Return the data below exactly, but only from the line containing "A consistência da" through the line containing "Back at the", with both of those lines included.

ENTRIES SHOWN
----------
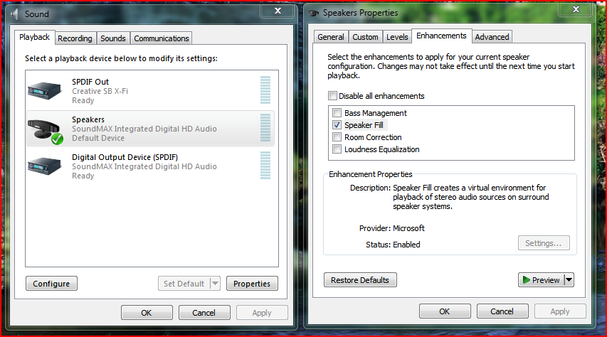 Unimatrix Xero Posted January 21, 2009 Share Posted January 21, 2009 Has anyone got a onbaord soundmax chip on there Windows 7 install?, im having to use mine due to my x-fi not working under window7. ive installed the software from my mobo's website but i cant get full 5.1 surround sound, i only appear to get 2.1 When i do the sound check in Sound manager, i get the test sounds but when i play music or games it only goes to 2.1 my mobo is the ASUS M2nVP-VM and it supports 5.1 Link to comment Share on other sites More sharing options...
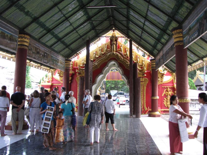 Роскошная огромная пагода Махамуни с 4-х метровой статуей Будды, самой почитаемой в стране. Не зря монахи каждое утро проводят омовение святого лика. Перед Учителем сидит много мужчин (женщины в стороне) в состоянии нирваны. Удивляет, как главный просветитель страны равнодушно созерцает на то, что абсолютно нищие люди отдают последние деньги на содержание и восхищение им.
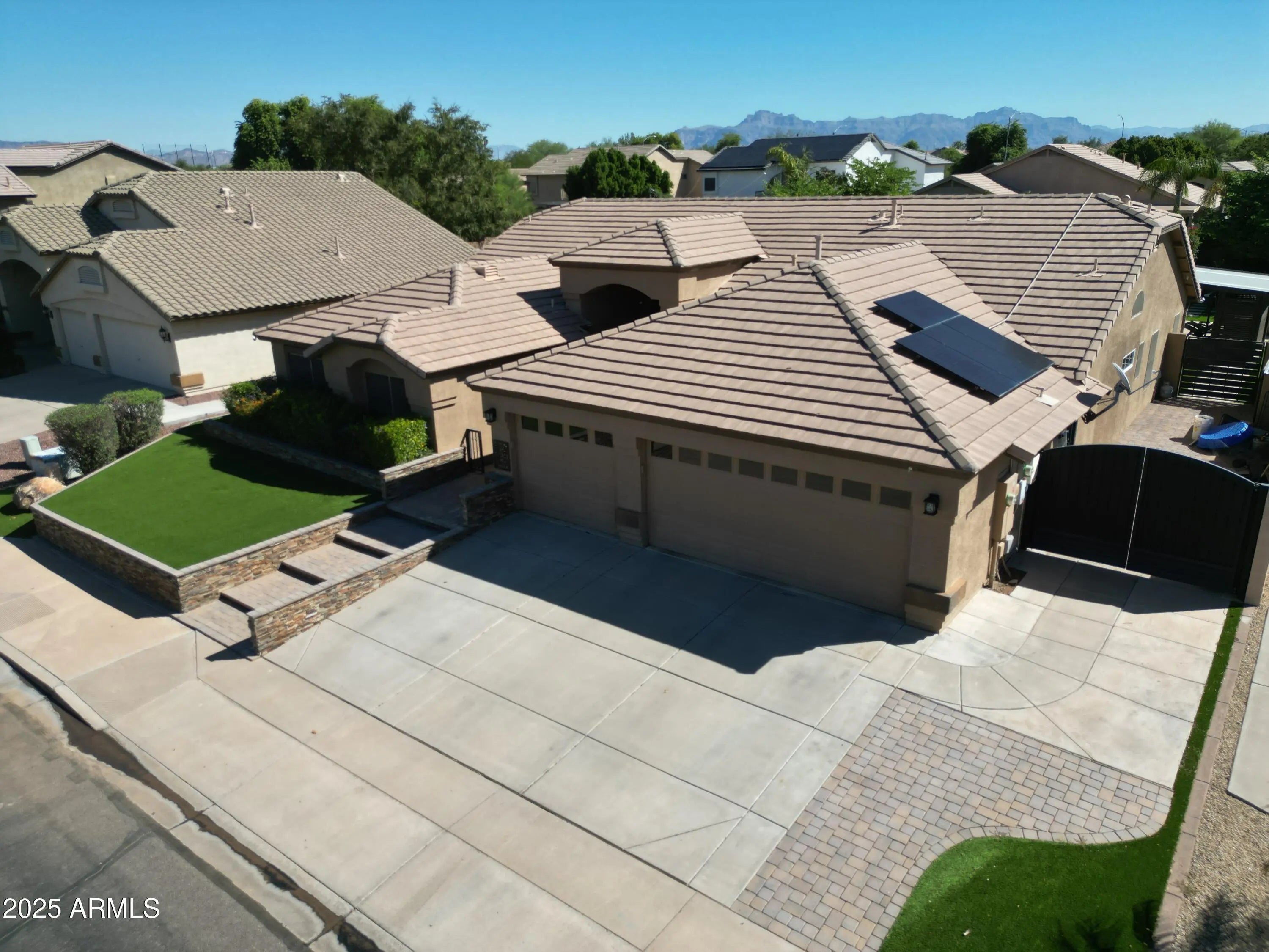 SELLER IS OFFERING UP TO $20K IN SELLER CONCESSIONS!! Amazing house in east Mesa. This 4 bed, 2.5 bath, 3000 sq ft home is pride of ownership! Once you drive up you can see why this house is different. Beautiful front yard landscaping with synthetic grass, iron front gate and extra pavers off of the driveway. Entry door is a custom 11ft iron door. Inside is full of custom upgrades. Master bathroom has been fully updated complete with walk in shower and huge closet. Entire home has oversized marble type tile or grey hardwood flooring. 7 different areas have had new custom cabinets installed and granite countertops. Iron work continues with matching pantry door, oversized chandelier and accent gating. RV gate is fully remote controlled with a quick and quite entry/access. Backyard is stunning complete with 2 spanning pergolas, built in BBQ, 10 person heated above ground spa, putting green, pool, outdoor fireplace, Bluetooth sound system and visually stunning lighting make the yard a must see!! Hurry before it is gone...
----------
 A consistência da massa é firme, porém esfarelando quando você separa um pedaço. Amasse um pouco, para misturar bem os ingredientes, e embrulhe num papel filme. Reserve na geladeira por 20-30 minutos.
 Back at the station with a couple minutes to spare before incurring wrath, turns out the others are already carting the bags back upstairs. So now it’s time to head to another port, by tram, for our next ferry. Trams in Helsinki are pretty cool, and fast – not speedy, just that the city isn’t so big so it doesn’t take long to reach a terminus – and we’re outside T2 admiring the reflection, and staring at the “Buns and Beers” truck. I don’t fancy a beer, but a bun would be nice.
----------
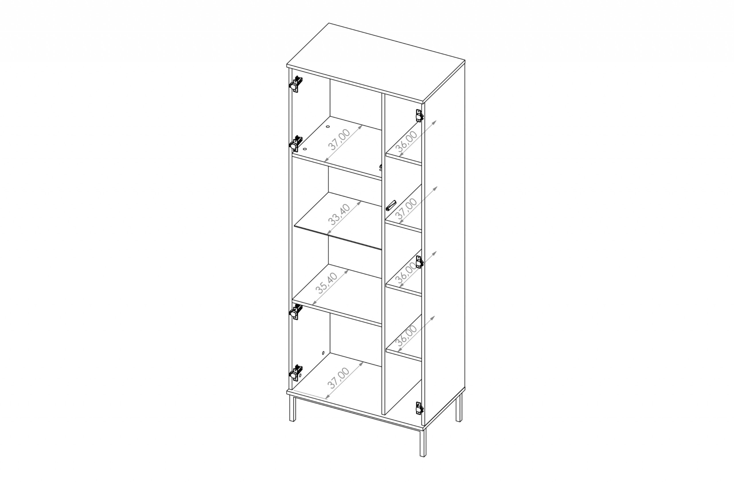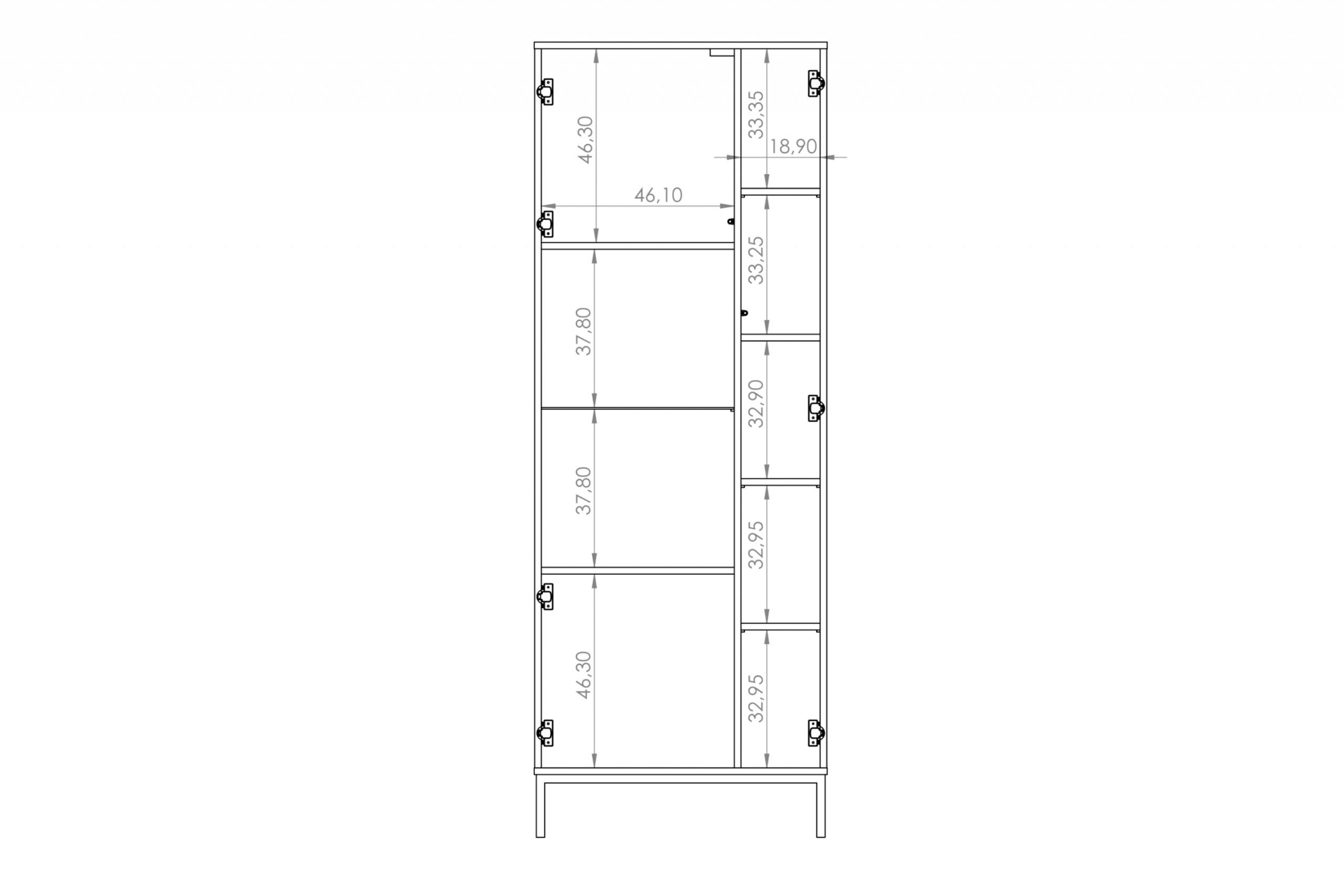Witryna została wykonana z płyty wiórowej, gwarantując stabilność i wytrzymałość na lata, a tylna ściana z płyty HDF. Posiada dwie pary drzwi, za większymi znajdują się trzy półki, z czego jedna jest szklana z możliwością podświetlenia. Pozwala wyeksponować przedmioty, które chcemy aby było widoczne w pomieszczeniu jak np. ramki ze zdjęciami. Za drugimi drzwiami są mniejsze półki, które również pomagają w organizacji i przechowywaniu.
----------
OUTPUT FOR THIS EXERCISE
 A consistência da massa é firme, porém esfarelando quando você separa um pedaço. Amasse um pouco, para misturar bem os ingredientes, e embrulhe num papel filme. Reserve na geladeira por 20-30 minutos.
 Back at the station with a couple minutes to spare before incurring wrath, turns out the others are already carting the bags back upstairs. So now it’s time to head to another port, by tram, for our next ferry. Trams in Helsinki are pretty cool, and fast – not speedy, just that the city isn’t so big so it doesn’t take long to reach a terminus – and we’re outside T2 admiring the reflection, and staring at the “Buns and Beers” truck. I don’t fancy a beer, but a bun would be nice.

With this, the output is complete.